Practical end-to-end examples for ACK (Container Service) `cs` plugin operations.
These complement SKILL.md — read SKILL.md first for the core rules (plugin vs
OpenAPI, async task pattern, complex JSON parameters), then come here for
copy-pasteable workflows.

## Contents

- [§1 Discover and inspect clusters](#1-discover-and-inspect-clusters)
- [§2 Get kubeconfig and use kubectl](#2-get-kubeconfig-and-use-kubectl)
- [§3 Node pool operations](#3-node-pool-operations)
- [§4 Addon management (the JSON-string-inside-JSON trap)](#4-addon-management-the-json-string-inside-json-trap)
- [§5 Cluster upgrade](#5-cluster-upgrade)
- [§6 Modify cluster configuration](#6-modify-cluster-configuration)
- [§7 Delete a cluster (writes!)](#7-delete-a-cluster-writes)
- [§8 Putting it together: create cluster → wait → get kubeconfig](#8-putting-it-together-create-cluster--wait--get-kubeconfig)

> All examples assume `aliyun` ≥ 3.3.3 with the `cs` plugin installed
> (`aliyun plugin install --names cs`) and a profile with at minimum
> a RAM identity with the `cs` Actions you'll call (read or write).

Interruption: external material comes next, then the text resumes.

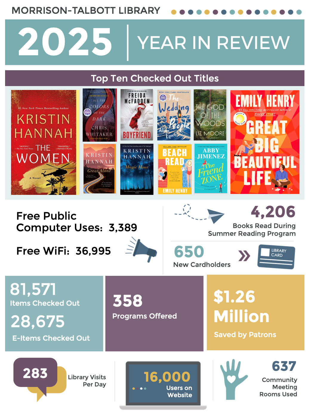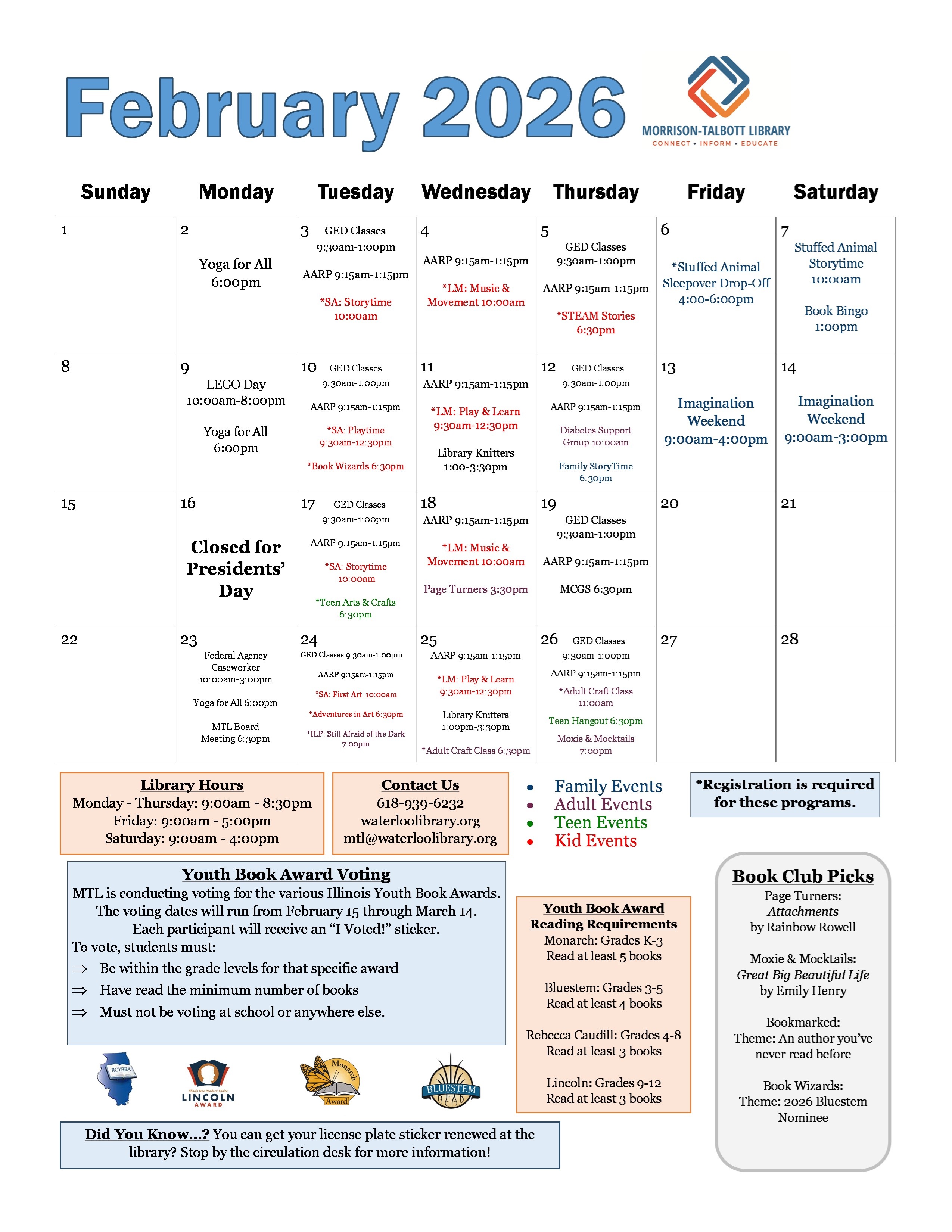 We kicked off January by launching two brand-new programs, and both are already off to a fantastic start. Our Movie Night Club saw its very first film, The Housemaid , during a Sunday matinee—and everyone agreed it was a pleasant surprise and thoroughly enjoyable. Send an email to sherrit@waterloolibrary.org or call 618-939-6232 to get added to the distribution
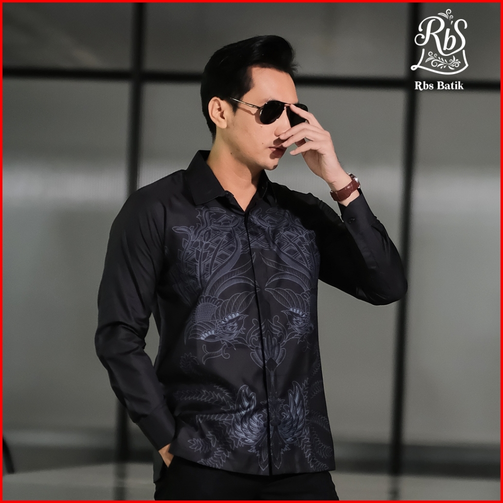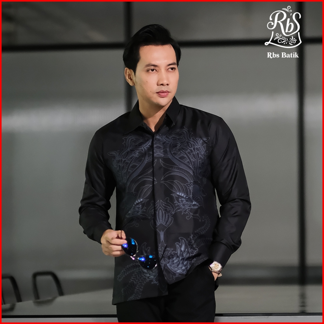 Rbs Batik - Kemeja Batik Pria Devanka Slimfit Lapis Furing Warna Hitam Biru Semi Abu Motif Gurdo

> **Region routing (important):** examples that take a `--cluster-id` also pass
> `--region <region>` to route directly to that cluster's regional CS
> endpoint (SKILL.md §6 Rule B). Examples that target a region directly
> (the `*ForRegion` APIs) take `--biz-region-id <region>` instead — that's
> the *required business parameter*, not the global endpoint flag (SKILL.md
> §6 Rule A). Substitute `<region>` with the actual value
> (`cn-hangzhou`, `cn-beijing`, etc.). If you don't yet know the cluster's
> region, list with `describe-clusters-for-region --biz-region-id <region>`
> first.

## 1. Discover and inspect clusters

When the region is known (the common case), use the **region-unitised** API
`describe-clusters-for-region` rather than the legacy global aggregator
`describe-clusters-v1`. The region-unitised endpoint is faster, has higher
quotas, and stays available when the global aggregator is degraded. Reserve
`describe-clusters-v1` for the rare case where you genuinely want one call to
span all regions.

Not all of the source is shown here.